Some critics of the recent NSA surveillance stories by the Guardian and Washington Post say the reports are filled with so many errors that they amount to “journalistic malfeasance.” But is this really the case?

There have been a host of critical responses to the recent stories from the Guardian and Washington Post about the NSA and its massive phone-data and internet surveillance programs, and many of them have taken aim at the reporting involved in those stories — which some allege has been shoddy and incomplete. In one recent post in particular, freelance journalist Joshua Foust said that the stories have amounted to “journalistic malfeasance” because much of what they have been reporting has turned out to be wrong.

But even more than that, Foust — who writes about counter-terrorism and used to work for the American Security Project — argues that these errors mean the Guardian (please see disclosure below) and Post stories were rushed into print with little or no regard for the facts, and suggests this is part of a regrettable trend towards breaking news without spending enough time to verify what is being reported. But is that really fair?

Both sides have their version of events

Top secret

In fact, much of the evidence Foust provides to counter the Guardian seems to be based on a foundation just as shaky as anything the newspaper reported. There may be some well-founded doubts about former CIA staffer Edward Snowden’s credibility on some aspects of the PRISM program, but Foust seems to take as gospel public statements from NSA officials and others in the Obama administration, as well as anonymous sources who are quoted by other outlets — and ignores evidence that contradicts his own conclusions.

Ryan Singel, a former Wired editor who now runs a startup called Contextly, notes a few of these cases in comments posted on Foust’s piece, which appeared on Medium (where comments appear alongside the sentences to which they refer). For example, Foust says the Guardian incorrectly stated that other phone companies have also had their data collected by the NSA, not just Verizon — a claim he scoffs at. But as Singel notes, there are reliable reports that other companies have been part of the same program.
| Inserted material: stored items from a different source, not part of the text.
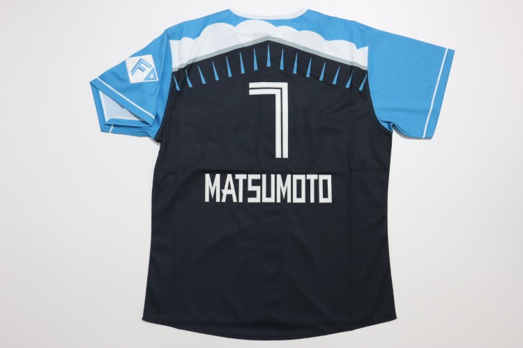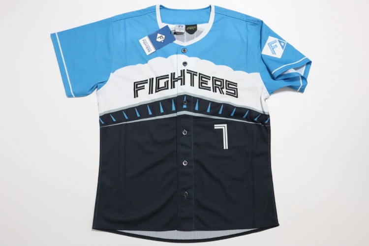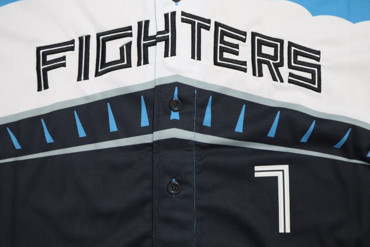2025 Hokkaido Nippon Ham Fighters third baseball jersey. Players wear this design of the jersey only at 8 limited home matches, called “ES CON FIELD HOKKAIDO 2025 Series”. All of the logos are embroidered on the jersey with heat-pressed Matsumoto’s name and his number 7 on the back. Made in China, Fanatics Japan official licensed jersey.
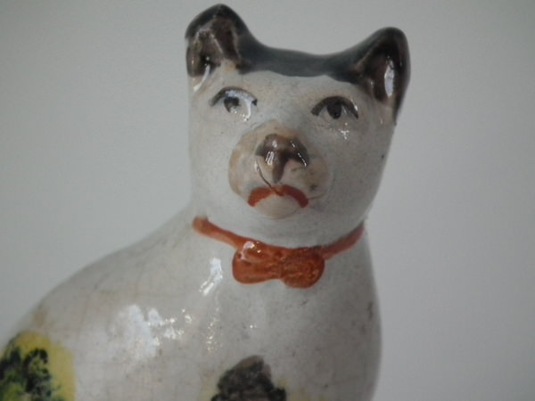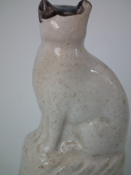RESTORATION: Stabilised and retouched crack to cat's head and front of neck.
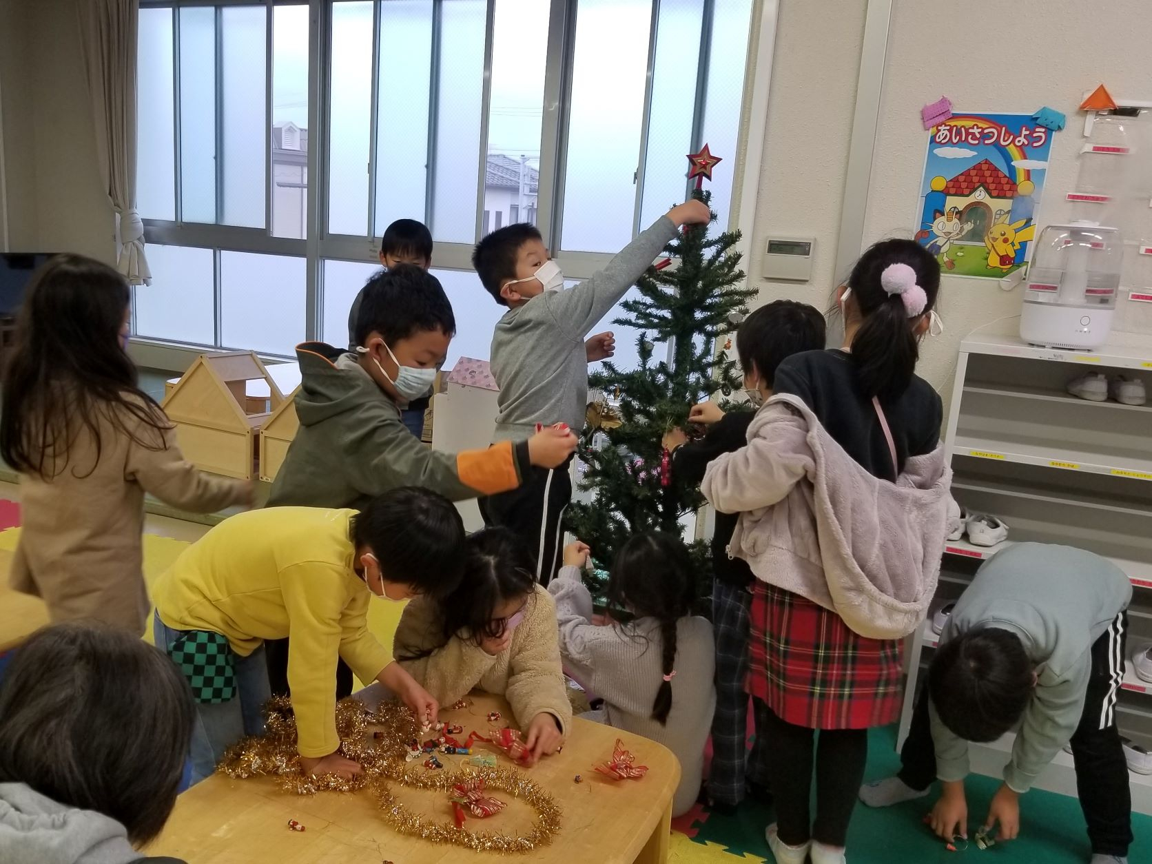 先日、クリスマスツリーの飾りつけをしました。 キラキラ光るライトに興奮気味の子供たち(笑)
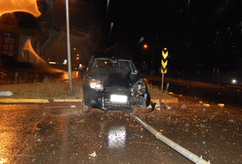 De acordo com informações, um Ford Fiesta com placas de Caçador seguia no sentido Posto Verenka/Sesi porém ao chegar no trevo não conseguiu contorná-lo e passou reto, subindo nos canteiros e batendo nos dois postes que iluminam o local.
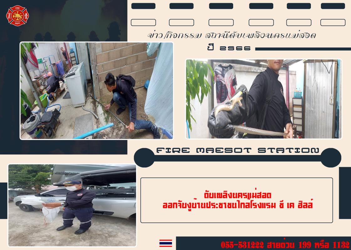 ดับเพลิงนครแม่สอด ออกจับงูเข้าบ้านประชาชนใกล้โรงแรม ซี เค ฮิลล์
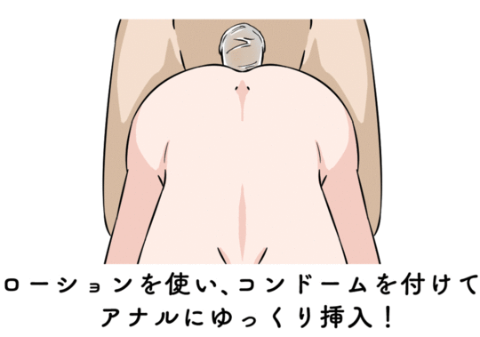 コンドームを装着して、コンドームとアナルにたっぷりローションを塗りましょう。
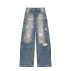 - Women's straight leg ripped jeans | lace print washed denim | distressed vintage
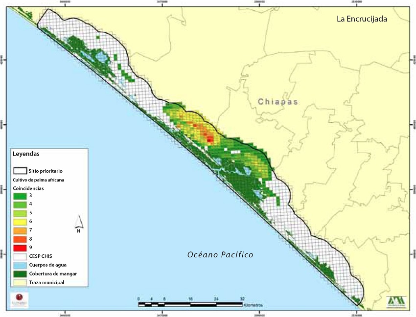 Pues prácticamente la palma está dentro de la zona de manglar, esto es muy crítico. Todo esto que está en blanco [marca un área en el mapa] antes era una isla de vegetación terrestre, ahora está lleno de palma […] Es una presión sobre los humedales, es una presión sobre el sistema lagunares (Académico/16 de mayo de 2013).
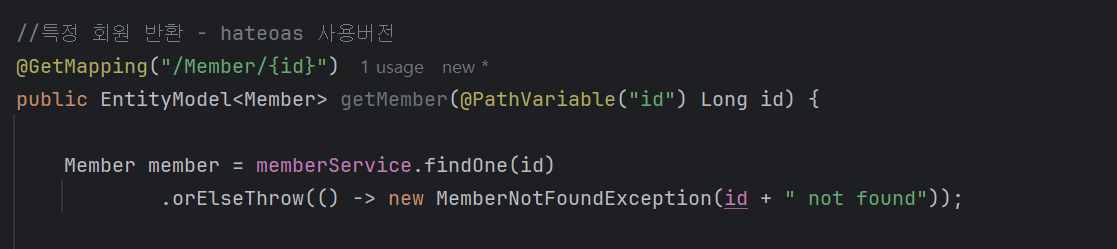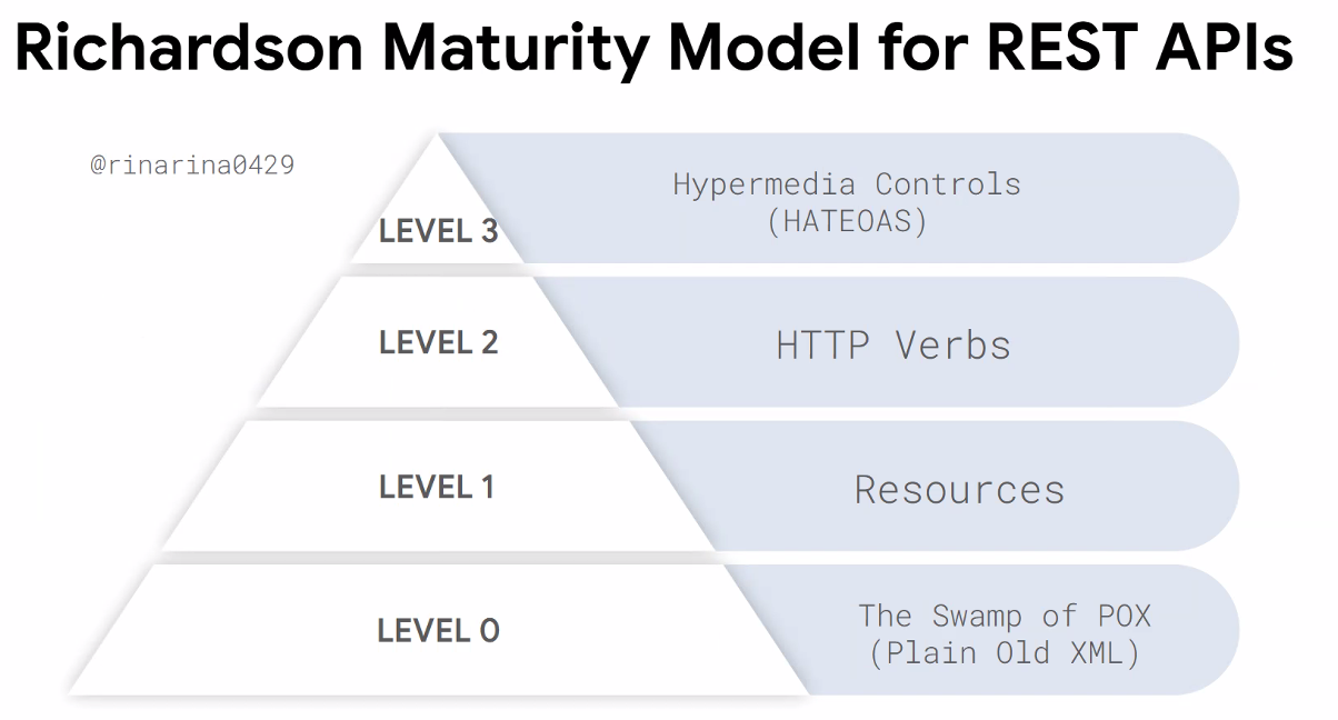 HATEOAS : 응답과 관련된 링크들을 함께 주는 것 (속성과 링크(href) 제공) -> 클라는 특정 요청에 대한 응답에서 필요한 추가정보를 링크로 제공받음 -> 서버-클라 간 의존성 낮추게 해줌

Foust also questions the Guardian‘s statement that this type of data collection wasn’t envisioned by the Patriot Act, and therefore came as a surprise to many, but as Singel points out in a comment, even one of the authors of the Patriot Act says the law was never intended to permit that kind of mass surveillance. And while Foust says the collection described is arguably legal, Singel makes the case that it could well not be, based on a recent decision from the Supreme Court.

Screen Shot 2013-06-18 at 8.58.45 AM

The idea that the NSA program gave the spy agency “direct access” to the servers of companies like Google and Facebook is another Foust target: he points out that subsequent reporting showed the PRISM system may well be just a way of automating the production of data under FISA court orders, rather than providing indiscriminate access to tech company servers. But he ignores the fact that the kind of lock-box system the New York Times and others described could easily fall within the term “direct access.”

It’s not a single story but a process

The point is that the stories the Guardian and Post reported were just the beginning of an evolving story about a top-secret program — one whose details are sketchy at best, and one whose very existence was likely to be denied by not only the NSA but plenty of other sources who were happy to answer phone calls from journalists with their own spin on events.

The reality is that some or all of the stories we’ve seen about PRISM and the NSA would likely never have seen the light of day if it wasn’t for the Guardian and Post reports. Does this qualify as “journalistic malfeasance?” Hardly. In some ways, it’s a perfect example of the idea of news as a process rather than a finished product — reports about a secret document trigger a host of other reports, and eventually more of the truth emerges.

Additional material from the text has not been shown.